Well that was a turn up for the books
Not only did we have one member voting for hikes but we had "some" talking about tightening, here's the passage in full.
"Eight members considered the current policy stance still to be appropriate. Pay growth had remained subdued, consistent with the Committee's view that some slack remained in the labour market, and there had been some signs that the squeeze in households' real income growth was feeding through into spending, as expected. In this context, the conditioning assumption that had underpinned the February projections - that there would be some modest withdrawal of monetary stimulus over the course of the forecast period - remained appropriate. The potential for uncertainty over future trading arrangements to affect materially economic decision making remained, posing a downside risk to the activity outlook, to which the Committee could respond if necessary. On the other hand, with inflation rising sharply, and only mixed evidence on slowing activity domestically, some members noted that it would take relatively little further upside news on the prospects for activity or inflation for them to consider that a more immediate reduction in policy support might be warranted."
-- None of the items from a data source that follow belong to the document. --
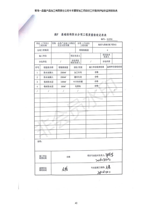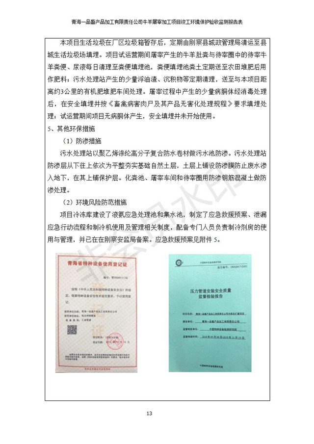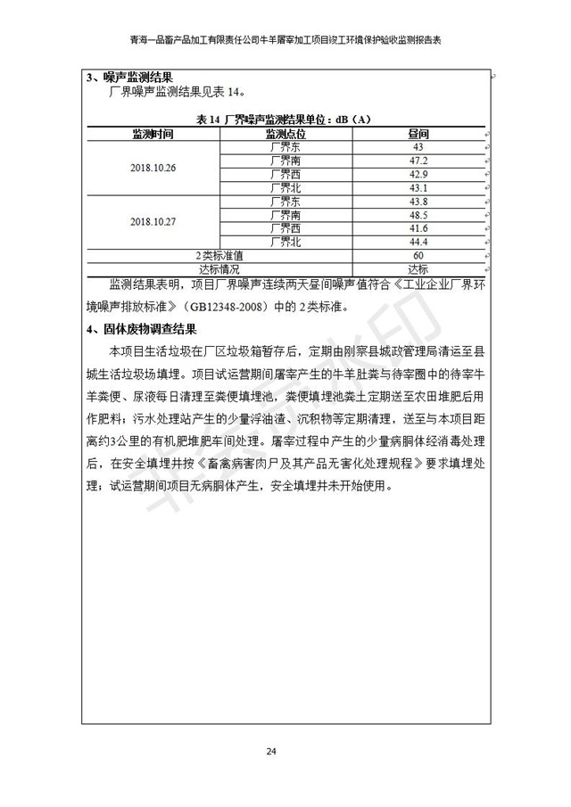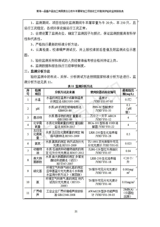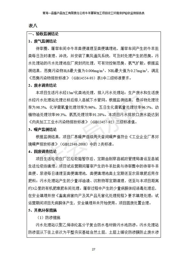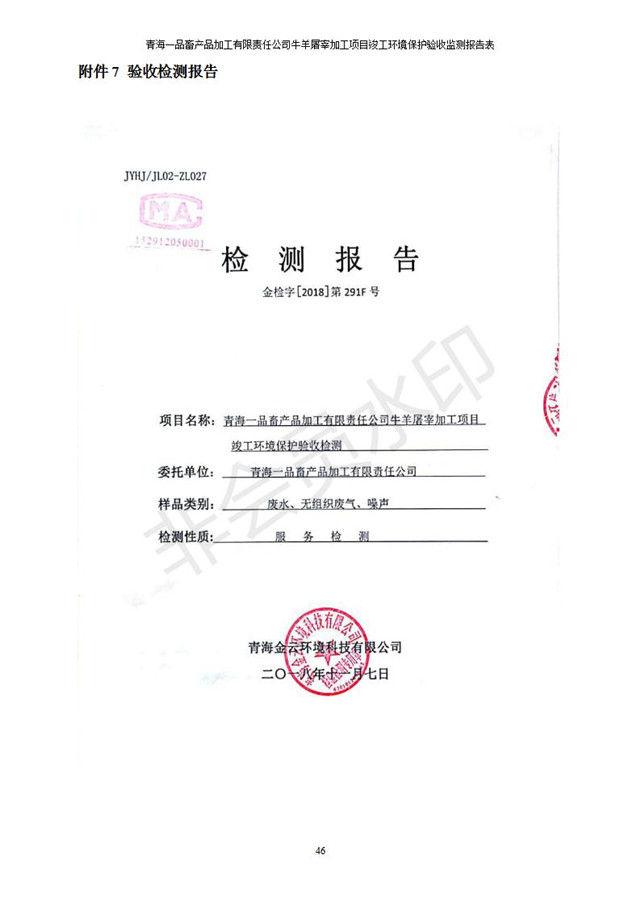青海一品畜產(chǎn)品加工有限責(zé)任公司牛羊屠宰加工項(xiàng)目 竣工環(huán)境保護(hù)驗(yàn)收監(jiān)測(cè)報(bào)告表公示發(fā)布日期:(2019-1-11) 點(diǎn)擊次數(shù):3234 |
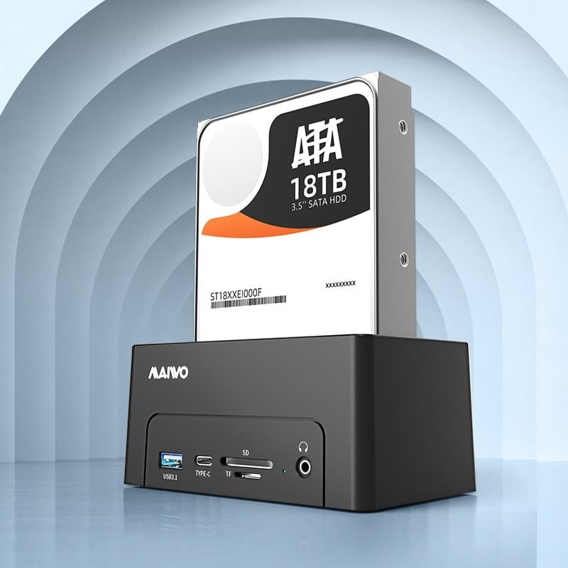 Maiwo USB-C Dockningsstation 2,5"/3,5" 2x SATA HDD SSD & SD/TF-minneskort, HDMI2.0 4K60Hz RJ45 GigaLan USB-A & USB-C 10Gbps
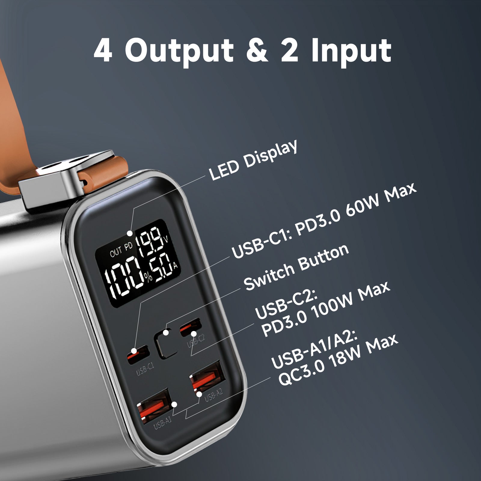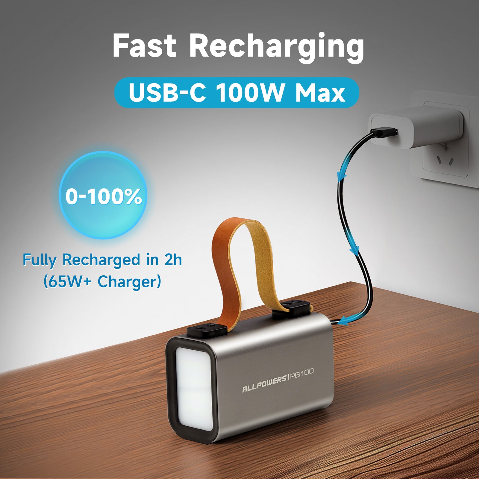 Il power bank per laptop ALLPOWERS supporta il protocollo PD3.0 e fornisce fino a 100W di potenza in uscita attraverso la porta USB-C, consentendo di caricare rapidamente laptop, tablet, telefoni cellulari e altri dispositivi. Supporta inoltre una potenza di ingresso fino a 100 W e può essere caricato completamente in 2 ore (utilizzando caricatori da oltre 65 W). Questo potente caricatore può alimentare 4 dispositivi contemporaneamente (max. 5V 4,5A).
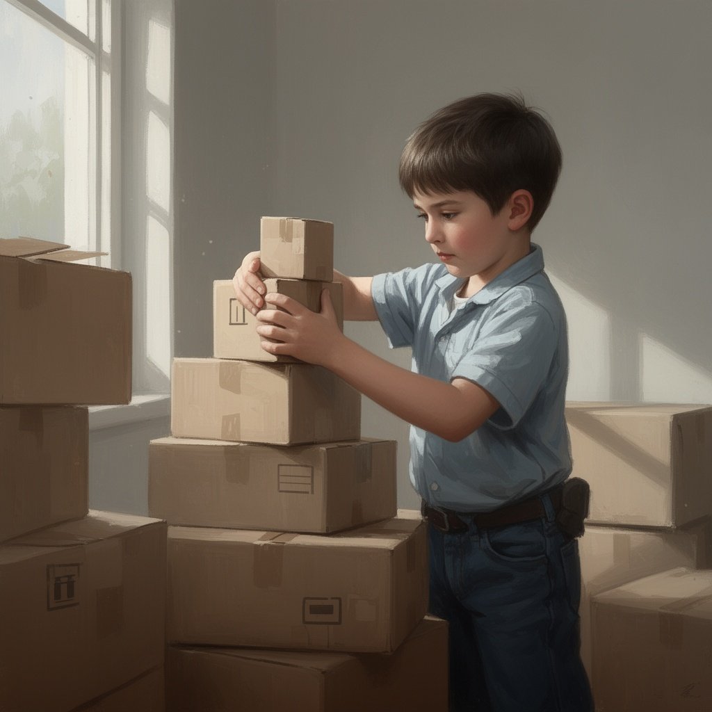 A boy with brown hair wearing a white collar T-shirt, brown pants, and brown shoes
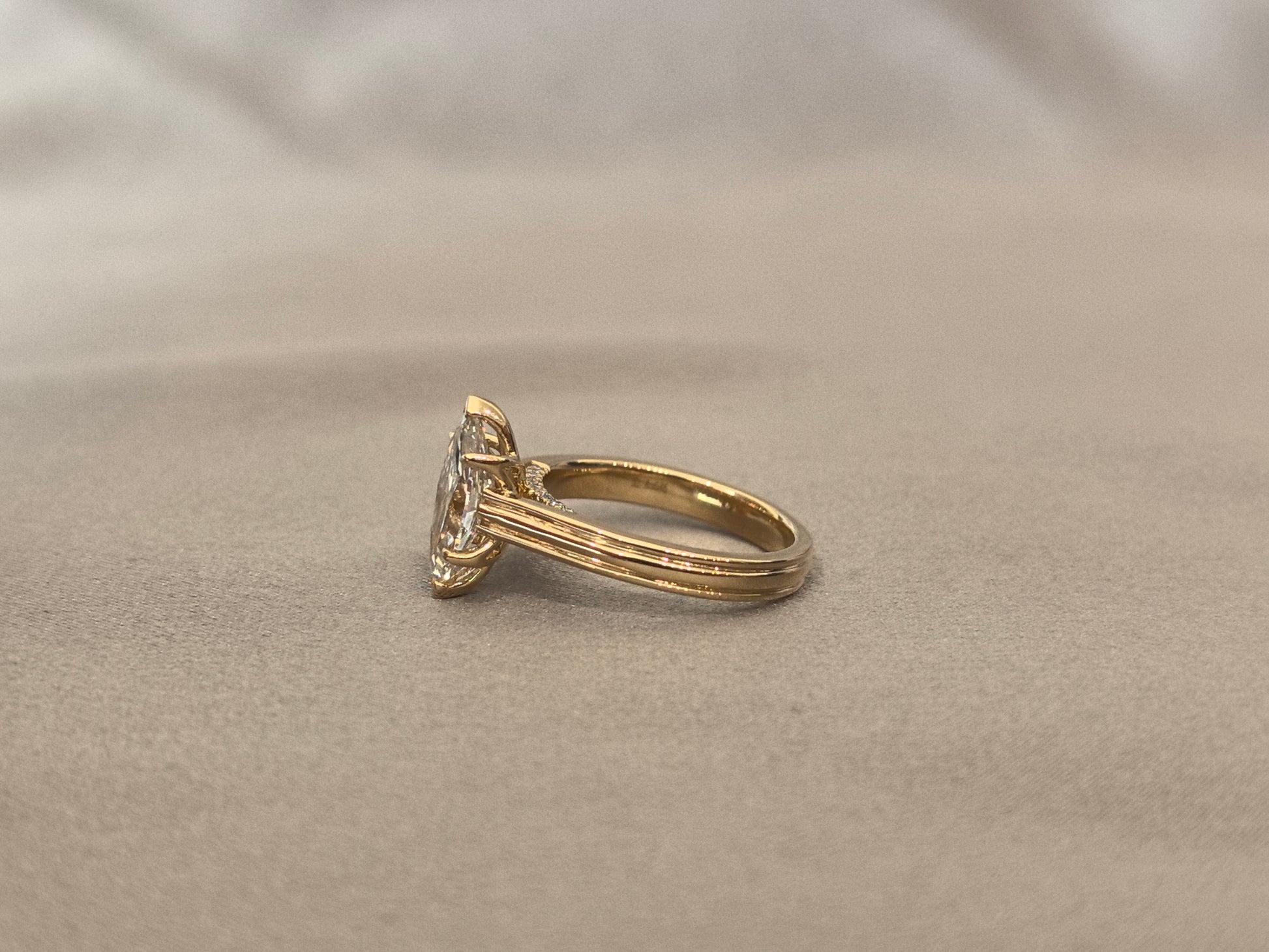 Bloom in elegance with this exquisite marquise cut lab diamond ring, where delicate floral-inspired prongs cradle the elongated stone above a sleek, linear band. The marquise diamond, symbolizing nobility and bold individuality, is highlighted by petal-shaped prongs that add a touch of organic artistry. Combined with the modern lines of the band, this design harmonizes nature’s softness with architectural precision—a perfect expression of ethical luxury and refined taste.
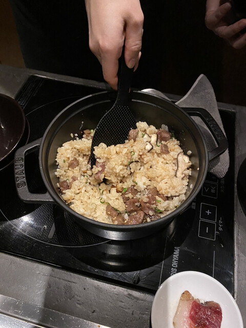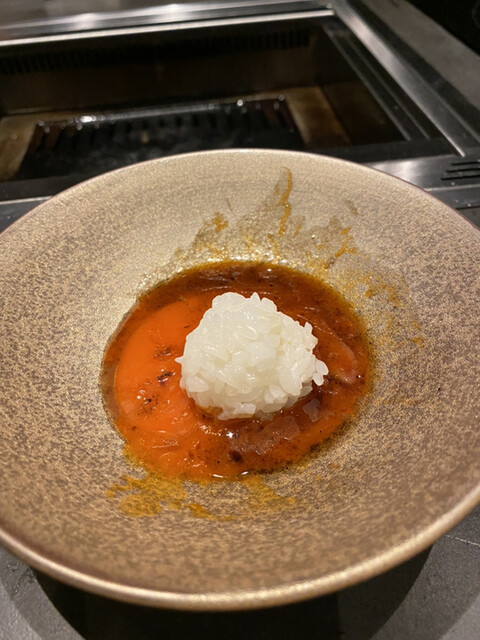 とびえい和牛のサーロインをサッと炙って卵黄と一口ご飯の上にオン
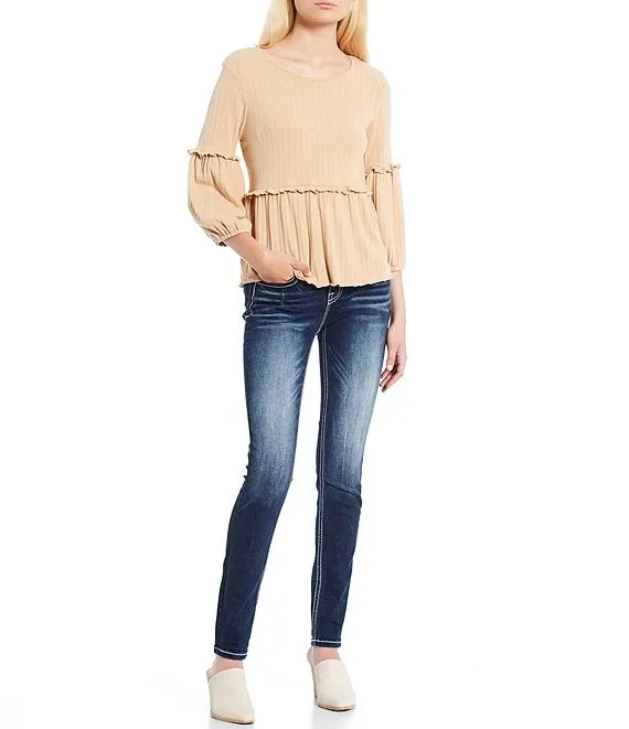 Mid Rise Embellished Beaded "X" Flap Pocket Skinny Jeans
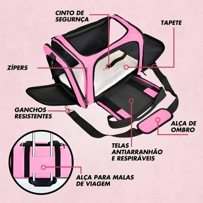 Bolsa de Viagem para Transporte Pet Alças Ajustáveis ===================================== Contém: 01 Unidade Especificações: - Material de Alta Qualidade - Medida: 35cm x 23cm x 33,8cm - Confortável e Durável - Resistente ao Desgaste e Fácil de Limpar - Ventilação Otimizada - Segurança Reforçada - Conforto Ergonômico - Alças Ajustáveis Ergonomicamente - Versatilidade e Estilo - Cor: Rosa ===================================== Devido à diferença entre monitores e iluminação diferentes, pode haver variação na tonalidade apresentada no anúncio. Medidas muito aproximadas.

That basically means that the tolerance levels are perhaps closer for some than others. We can probably finger known hawk McCafferty as one of those. What's also a bit of a wild card is what Charlotte Hogg had to say as she's only at this one meeting before leaving.
Not much of this matters to the pound which is rocketing away to 1.2347. It's a definitive shift on language. With the Hogg caveat among this we'll have to see how things play out at the next meeting.